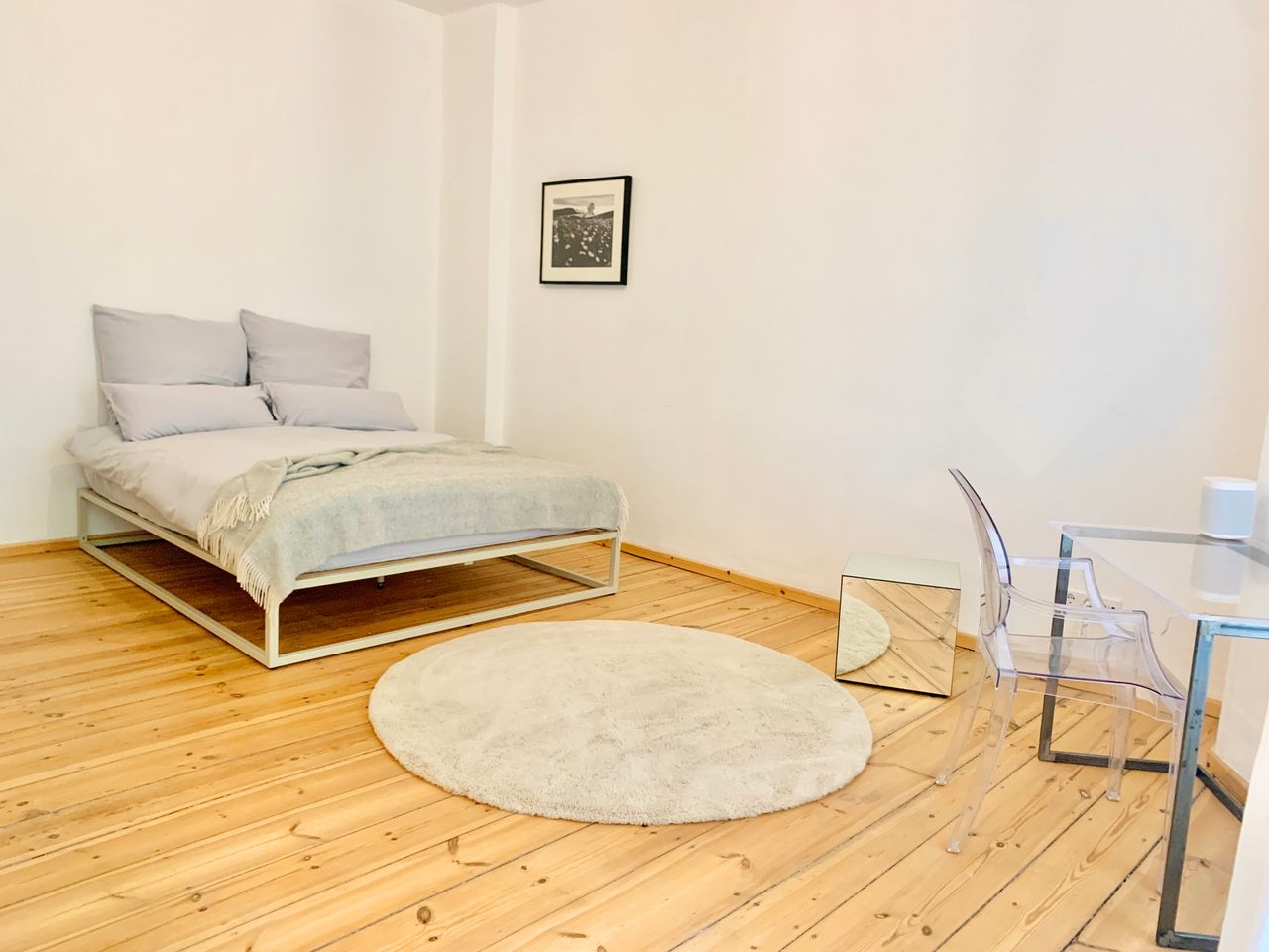 Beautiful new studio apartment in courtyard of listed building in Berlin. Renovated end 2023 and fully furnished with brand new top quality appliances and design award winning furniture. Cosy and stylish, loads of storage space. 3 mins walk from Hermannplatz. U7, U8, M41, M29 and more. Easy connections to all parts of the city, main station and airport. Directly opposite the enormous and beautiful Hasenheide park, 10 mins walk from Berlin's iconic Tempelhoferfeld. Lively area, but peaceful st...
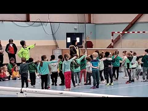 Les élèves de la classe MS/GS de Johanna et Gene, vêtus de la couleur verte, emblème de l'Océanie au sein des anneaux olympiques, ont pris la route vers la salle Owen Morvan à Lilia Plouguerneau.
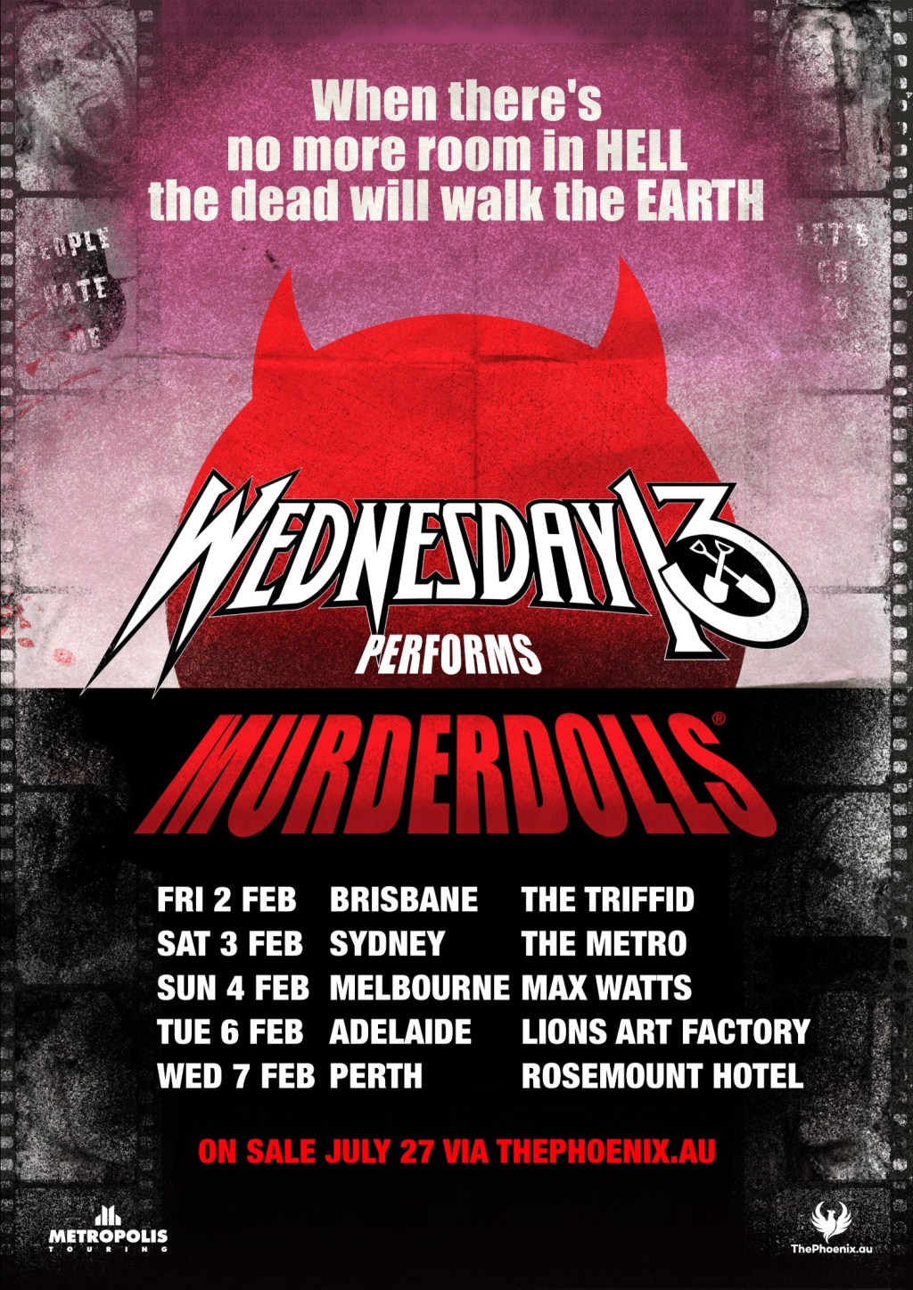 Murderdolls frontman Wednesday 13 will be performing songs from “Beyond The Valley Of The Murderdolls” and “Women And Children Last” during a February Australian tour. Here’s the dates:
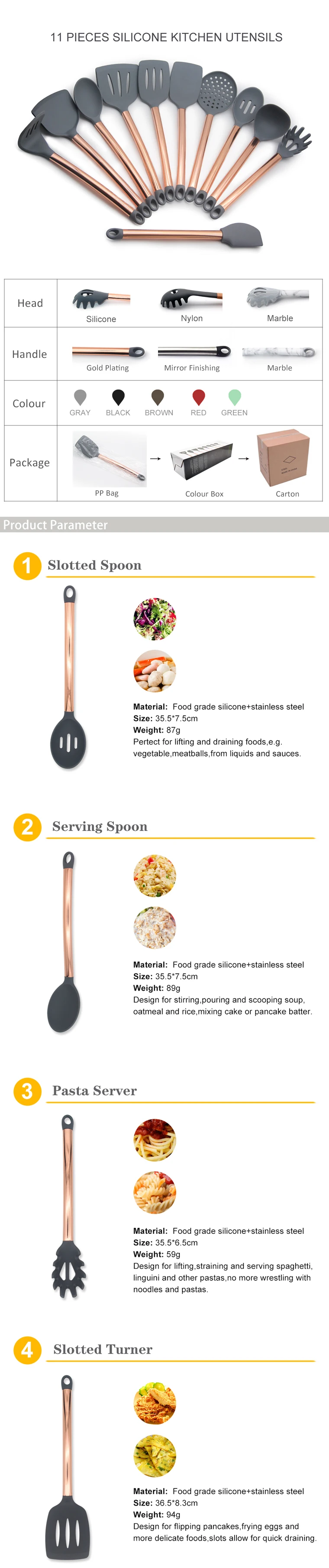 The set | slotted spoon/serving spoon/server/slotted turner /ladle/ skimmer/small turner/turner/slotted turner/musher/spatula |
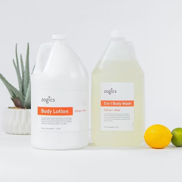 Getting a head-to-toe clean just got easier. Our plant-based shower gel triples as a luxurious body wash, hand soap, and shampoo. This 3-in-1 multitasking formula makes lathering up and stocking the bath a virtual breeze. Infused with essential oils, botanical extracts, and a citrus and aloe scent, this invigorating wash nourishes and hydrates skin and hair. We created our shower gel without parabens, phthalates, EDTA, or dyes, so it's gentle enough for everyday use. Zogics 3-in-1 Soap features a fresh Citrus + Aloe scent.
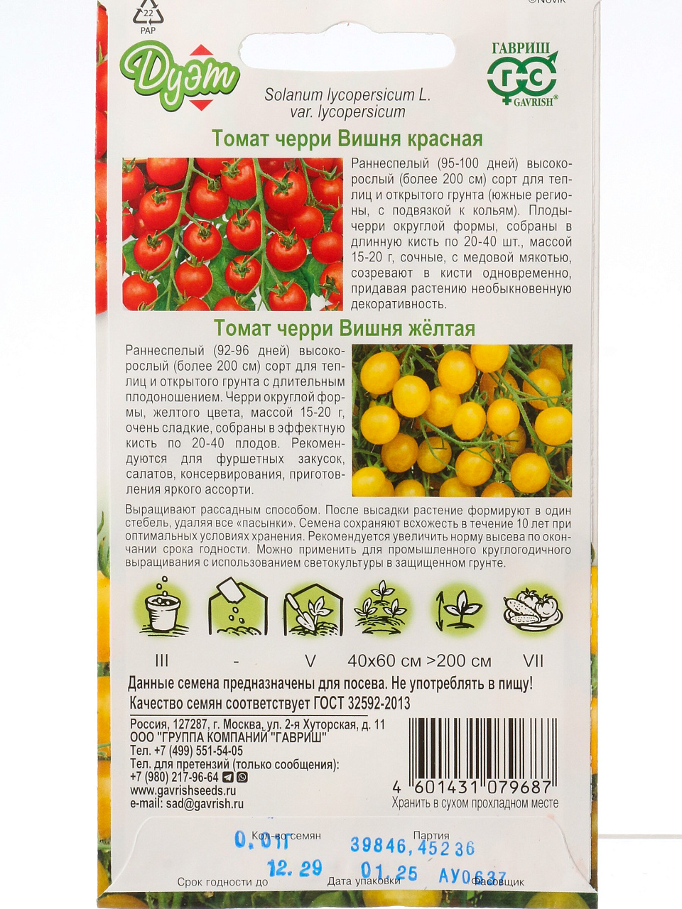 Семена Томат, Вишня желтая, 0.05 г, Дуэт, +Вишня красная 0.05 г, цветная упаковка, Гавриш

What you have to do: In the records above, find the line with "Les élèves de". Print exactly from there through the line with "Murderdolls frontman Wednesday", minus the pictures.

Finished exercise:
 Les élèves de la classe MS/GS de Johanna et Gene, vêtus de la couleur verte, emblème de l'Océanie au sein des anneaux olympiques, ont pris la route vers la salle Owen Morvan à Lilia Plouguerneau.
 Murderdolls frontman Wednesday 13 will be performing songs from “Beyond The Valley Of The Murderdolls” and “Women And Children Last” during a February Australian tour. Here’s the dates:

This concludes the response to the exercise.